The table above assumes standard Shor's. But variational approaches
(VQE-based factoring, QAOA-enhanced number field sieve) trade qubits
for classical computation:

```
Standard Shor's:     4,096 logical qubits for RSA-2048
Variational hybrid:  ~500-1,000 logical qubits + massive classical compute
```

**Prediction**: By 2032-2035, variational hybrid approaches factor RSA-1024
on ~10,000 physical qubits. Not because the quantum computer is big enough
for standard Shor's, but because the classical-quantum interplay finds a
more efficient decomposition.

ruQu's VQE + 256-tile fabric + adaptive coherence gating is exactly this
architecture at 25-qubit scale. At 10,000 qubits, the same software
framework orchestrates the attack.

### 2.3 The Crypto Migration Race

```
Timeline:
  2026: NIST publishes FIPS 203/204/205 (ML-KEM, ML-DSA, SLH-DSA)
  2027-2030: Enterprise migration begins (banks, governments)
  2030: RSA-64 falls to quantum computers
  2031-2033: Consumer migration (browsers, phones, IoT)
  2033: ECDSA-128 equivalent threatened
  2035: RSA-512 falls
  2036: NIST deprecates all pre-quantum public key crypto
```

**The question**: Does migration complete before capability arrives?

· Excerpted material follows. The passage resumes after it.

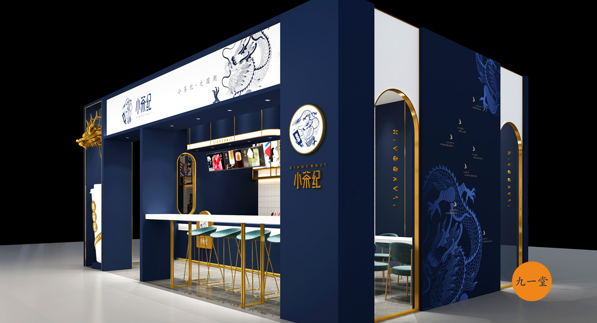 一葉神奇的東方樹葉,成為了風靡世界的中國潮。中國是茶的故鄉,成都是茶文化的起源地。小茶紀,創建于成都,用一杯小茶紀成為風靡世界的東方美茶潮流。在小茶紀的空間設計上采用深藍和金色色調,體現小茶紀品牌的沉穩的性格,但有沒有摒棄此品牌時尚的氣質,大面積鈦金的收邊提升了品牌整體品質。門頭的形象墻采用龍頭的設計契合項目的品牌定位,體現出大國的豪邁,白色杯子的運用使得整個空間時尚感十足。并且龍頭和杯子的運用在此空間中十分搶眼,是整個空間的點金之筆。
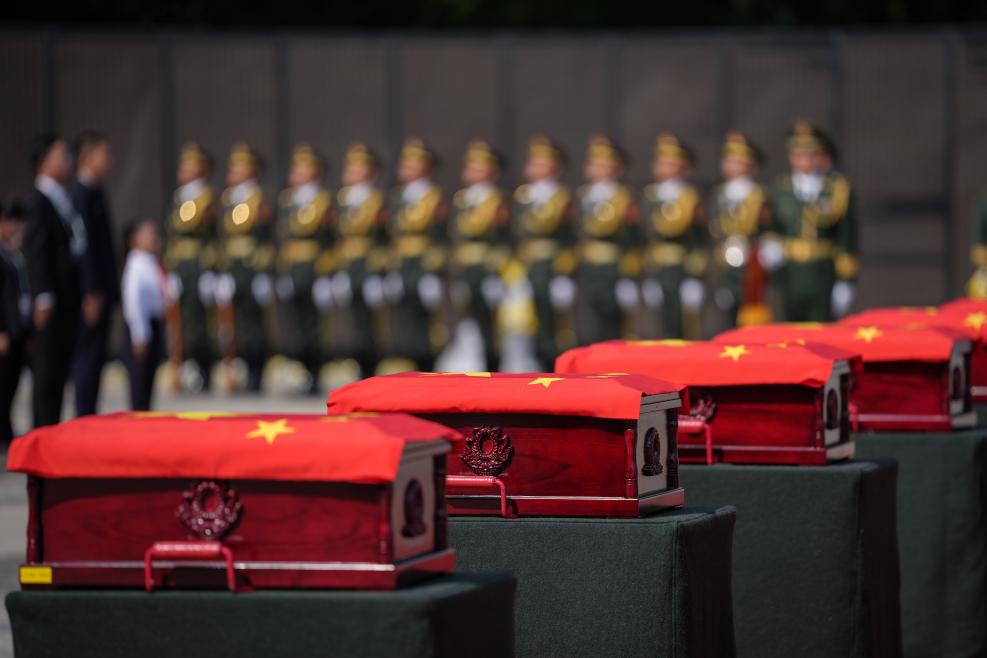2025年9月13日,这是在第十二批在韩中国人民志愿军烈士遗骸安葬仪式中拍摄的殓放志愿军烈士遗骸的棺椁。

**Historical precedent**: SHA-1 was deprecated in 2011, but real attacks
emerged in 2017 (SHAttered). Migration took ~10 years. If quantum threats
materialize ~2033, and migration started ~2026, the race is tight.

## 3. Decade 2: 2036-2046 — Shor's Becomes Routine

### 3.1 Quantum Computing Matures

By 2040, quantum computers are expected to reach the "utility" phase:

| Metric | 2026 | 2040 (projected) |
|--------|------|-------------------|
| Logical qubits | ~1 | 10,000+ |
| Gate fidelity | 99.9% | 99.9999% |
| Coherence time | microseconds | seconds-minutes |
| Clock speed | kHz | MHz |
| Access model | Cloud (limited) | Cloud (commodity) |

### 3.2 Shor's Implications at Scale

```
By ~2038: RSA-2048 is factored by a quantum computer.
By ~2040: RSA-4096 is factored.
By ~2042: All classical public-key crypto is broken.
```

**But this is not the interesting part.**

The interesting part is what happens to Shor's algorithm itself.
In 50 years, Shor's algorithm will be viewed the way we view
Euclid's algorithm today — a foundational result that spawned
an entire field, but long since superseded by more powerful tools.

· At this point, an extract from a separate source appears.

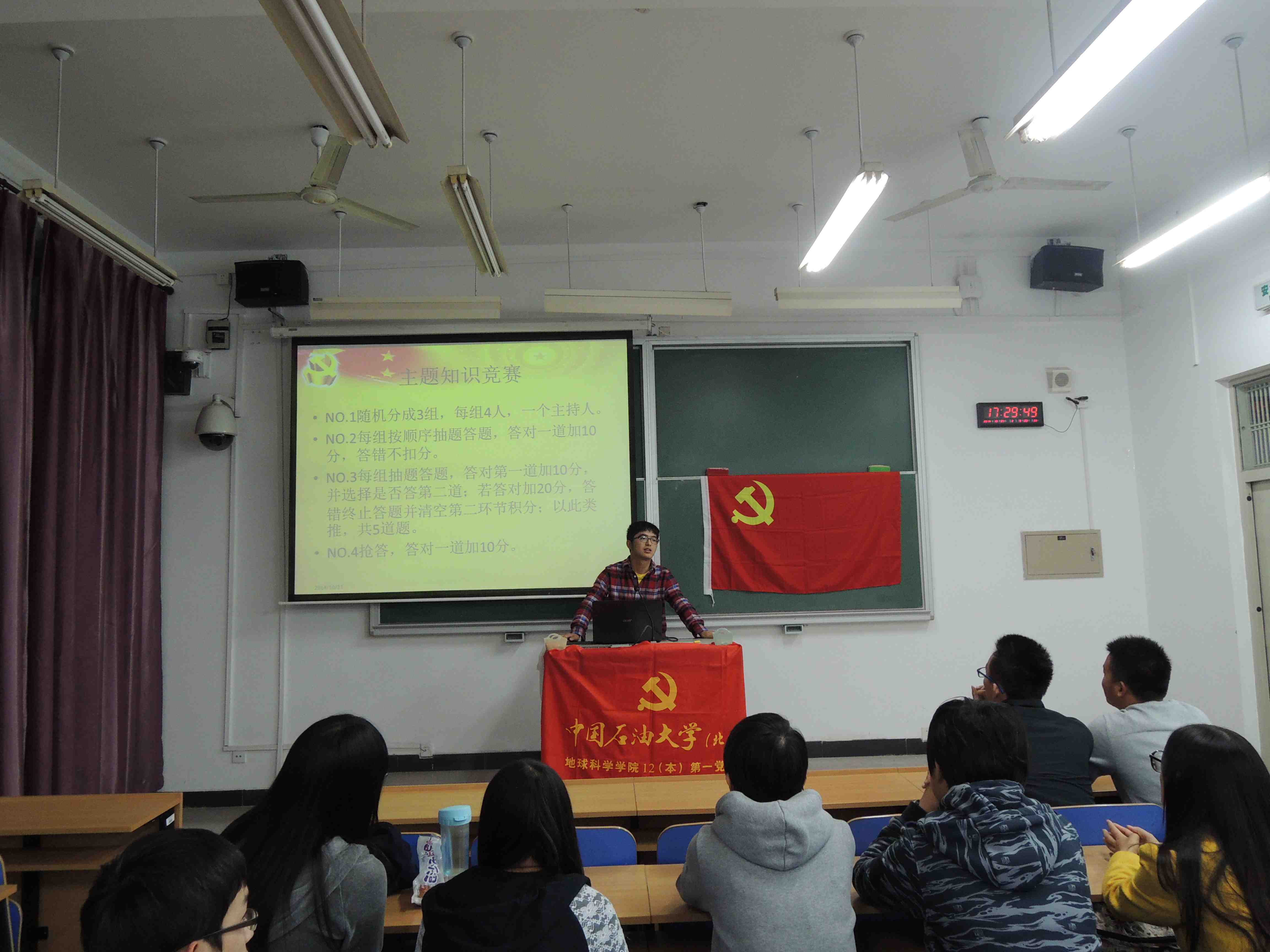 10月21日晚,地球科學學院12(本)第一黨支部在三教100教室召開組織生活會,學習《中國共產黨發展黨員工作細則》并開展知識競答。

### 3.3 Post-Shor Algorithms

By 2040, we will likely have:

**Quantum algorithms for problems we don't yet know are vulnerable**:
- Lattice problems (currently "post-quantum safe" — but are they?)
- Isogeny-based crypto (SIDH already broken classically in 2022)
- Code-based crypto (McEliece — 45 years and still standing, but for how long?)
- Multivariate crypto (known quantum speedups exist but not polynomial-time breaks)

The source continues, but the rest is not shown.